EXERCISE: Only the lines from the one with "Высота излива 434 мм" through the last line of the records below belong in your answer, reproduced exactly and with the pictures left out.

INFORMATION SHOWN:

>>>>>

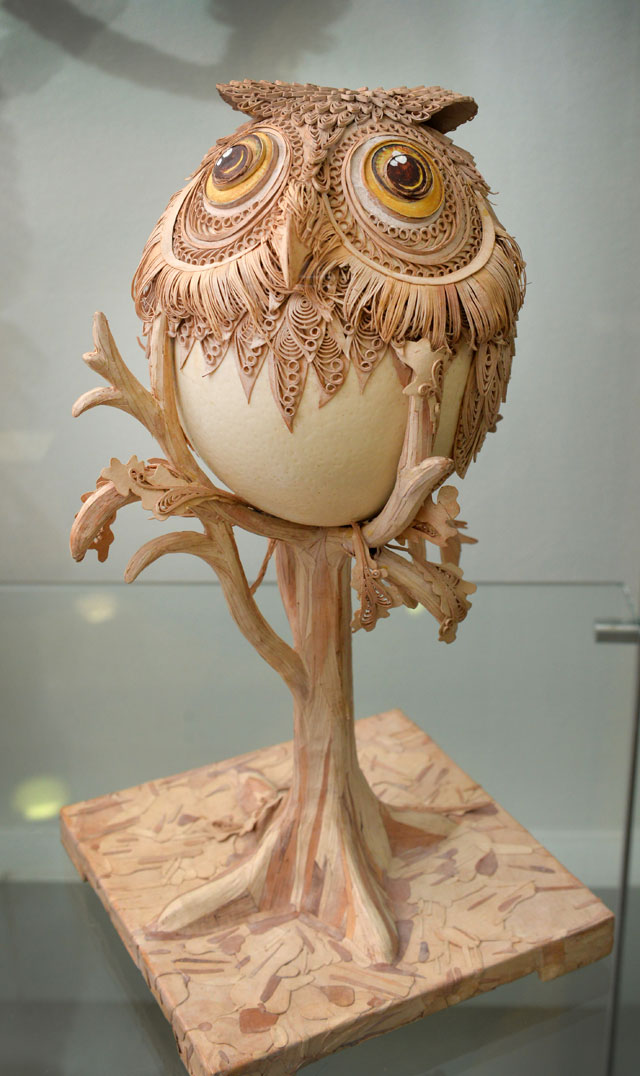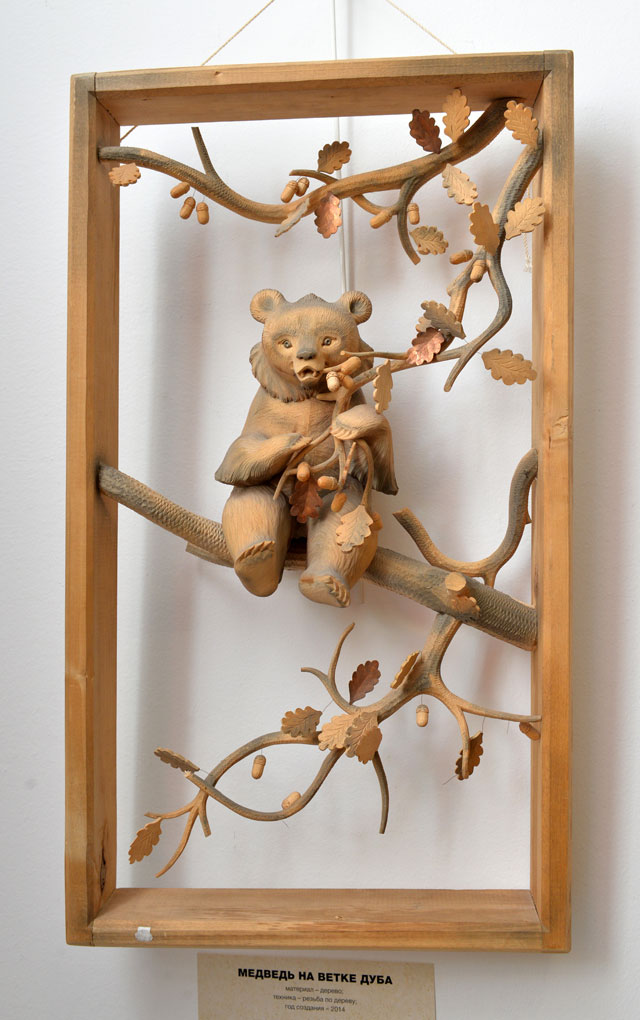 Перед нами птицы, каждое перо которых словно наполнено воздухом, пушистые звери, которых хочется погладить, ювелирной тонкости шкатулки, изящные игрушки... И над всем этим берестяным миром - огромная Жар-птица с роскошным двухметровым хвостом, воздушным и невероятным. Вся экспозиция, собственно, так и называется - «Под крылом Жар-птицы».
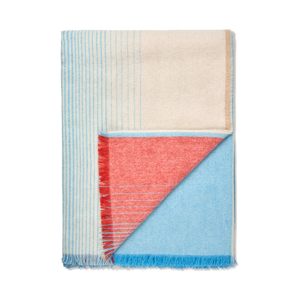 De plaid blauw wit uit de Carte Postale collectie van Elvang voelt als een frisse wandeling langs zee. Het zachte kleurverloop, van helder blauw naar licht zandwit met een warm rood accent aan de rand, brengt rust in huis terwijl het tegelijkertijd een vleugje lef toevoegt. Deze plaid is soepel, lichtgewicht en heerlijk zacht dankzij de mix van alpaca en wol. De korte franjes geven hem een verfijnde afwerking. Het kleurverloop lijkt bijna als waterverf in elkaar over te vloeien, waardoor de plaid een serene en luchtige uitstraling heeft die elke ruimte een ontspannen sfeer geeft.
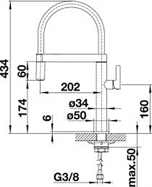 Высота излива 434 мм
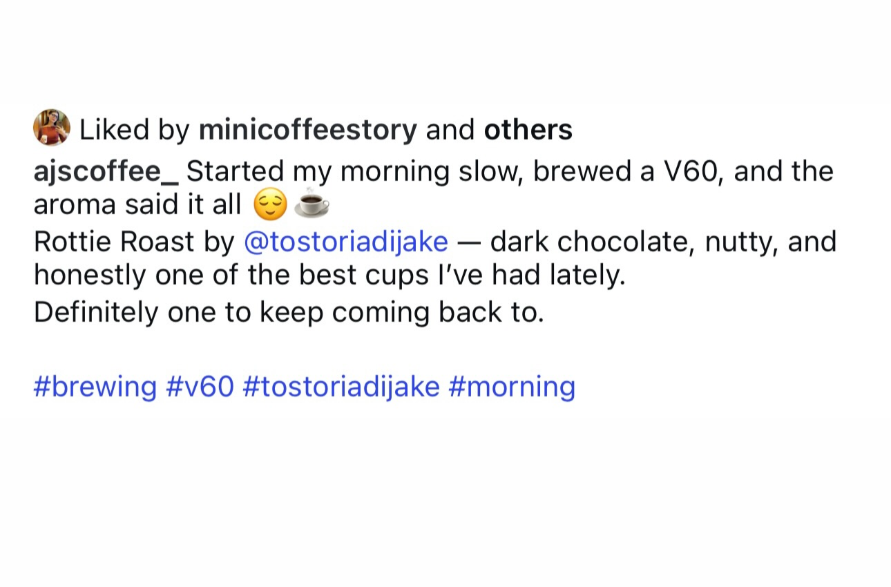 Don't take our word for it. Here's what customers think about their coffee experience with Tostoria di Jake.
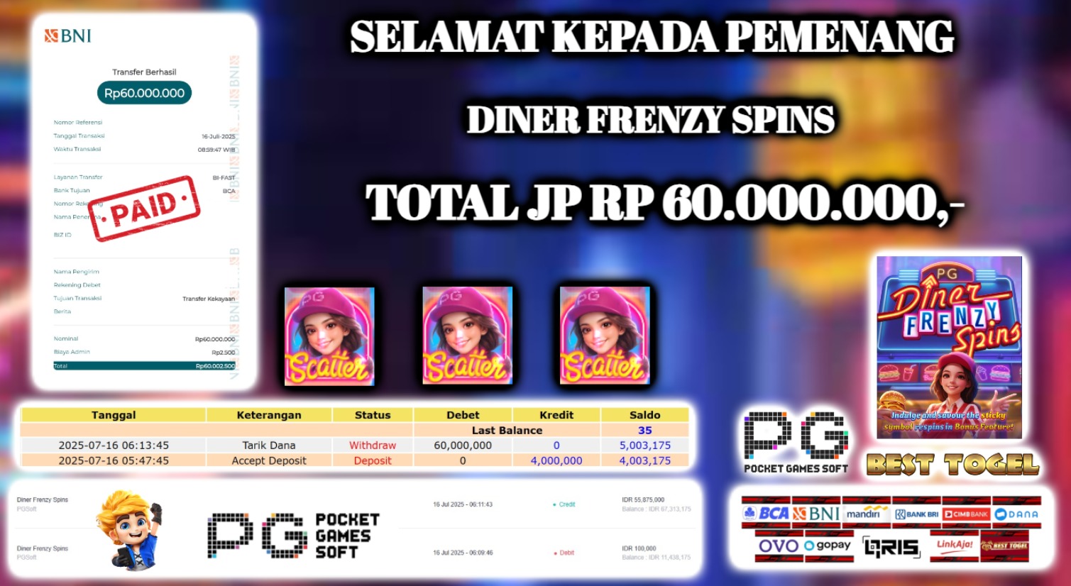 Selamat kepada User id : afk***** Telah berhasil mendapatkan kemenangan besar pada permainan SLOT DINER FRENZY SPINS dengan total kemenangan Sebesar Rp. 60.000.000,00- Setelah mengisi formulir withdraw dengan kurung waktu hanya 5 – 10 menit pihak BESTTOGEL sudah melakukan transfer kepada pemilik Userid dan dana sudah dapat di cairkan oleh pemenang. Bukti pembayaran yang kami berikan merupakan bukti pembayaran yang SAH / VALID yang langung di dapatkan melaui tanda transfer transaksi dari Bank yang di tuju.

<<<<<

RESPONSE TO THIS TASK:
 Высота излива 434 мм
 Don't take our word for it. Here's what customers think about their coffee experience with Tostoria di Jake.
 Selamat kepada User id : afk***** Telah berhasil mendapatkan kemenangan besar pada permainan SLOT DINER FRENZY SPINS dengan total kemenangan Sebesar Rp. 60.000.000,00- Setelah mengisi formulir withdraw dengan kurung waktu hanya 5 – 10 menit pihak BESTTOGEL sudah melakukan transfer kepada pemilik Userid dan dana sudah dapat di cairkan oleh pemenang. Bukti pembayaran yang kami berikan merupakan bukti pembayaran yang SAH / VALID yang langung di dapatkan melaui tanda transfer transaksi dari Bank yang di tuju.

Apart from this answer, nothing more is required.